Now for the controversial part: Exploitation of vulnerabilities is counted in this metric as well. As much as we can argue that the software developers are also victims when vulnerabilities are disclosed in their software (and sure, they are), the incentives might not be aligned properly for those developers to handle this seemingly interminable task. These quality control failures can disproportionately affect the customers who use this software. We can clearly see what powerful and wide-reaching effects a handful of zero-day or mismanaged patching rollouts had on the general threat landscape. We stopped short of adding exploitation of misconfigurations in installed software because, although those could be a result of insecure defaults, system admins can get quite creative sometimes.
Figure 10 shows the breakdown of VERIS actions in the supply chain metric and, as expected, it is driven by Exploit vuln, which ushers Ransomware and Extortion attacks into organizations.
This metric ultimately represents a failure of community resilience and recognition of how organizations depend on each other. Every time a choice is made on a partner (or software provider) by your organization and it fails you, this metric goes up. We recommend that organizations start looking at ways of making better choices so as to not reward the weakest links in the chain. In a time where disclosure of breaches is becoming mandatory, we might finally have the tools and information to help measure the security effectiveness of our prospective partners.
We will keep a close watch on this one and seek to improve its definition over time. We welcome feedback and suggestions of alternative angles, and we believe the only way through it is to find ways to hold repeat offenders accountable and reward resilient software and services with our business.
1 Have you checked out the VERIS Community Database (VCDB) yet? You should, it’s awesome! (https://verisframework.org/vcdb.html)

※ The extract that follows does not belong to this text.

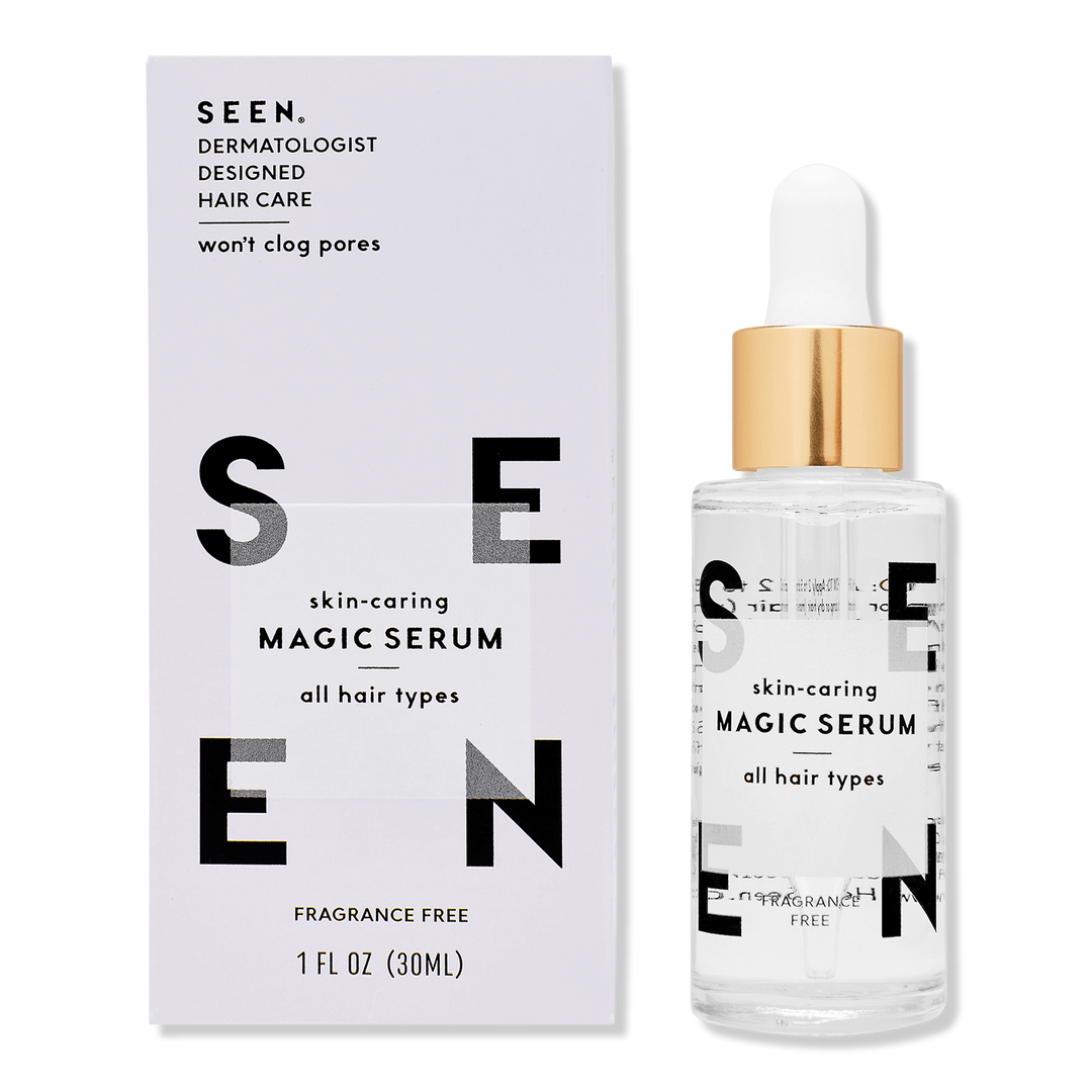 SEEN Magic Serum works to visibly transform your hair into smoother, shinier, healthier-looking hair in just seconds. It reduces frizz, adds shine, nourishes, strengthens and protects hair from heat styling and breakage.

2 We also passed our cumulative 1 million incident milestone as we forecast in the 2023 DBIR, but we are only mentioning this here in the footnote to not aggravate the report; it was very disappointed that 1 million is not enough to retire on in this economy.
3 We’re not throwing shade—different types of contributing organizations focus on what is most relevant for them, as well they should.
4 And an incredible L for the *ishing portmanteau enthusiasts
5 Unless by now we have successfully ripped them out of our networks entirely and are back to our smoke signals and carrier pigeon ways.
6 We ourselves were just talking about the growth of exploitation of vulnerabilities as a pathway into breaches.
7 We dread to think what “awareness training” for malicious insiders would look like.
8 Number of times the word “MOVEit” is mentioned in this report: 25
9 In a surprising role reversal, as we are often very pedantic in our definitions
10 We should stop watching those Mission: Impossible movies during DBIR writing season.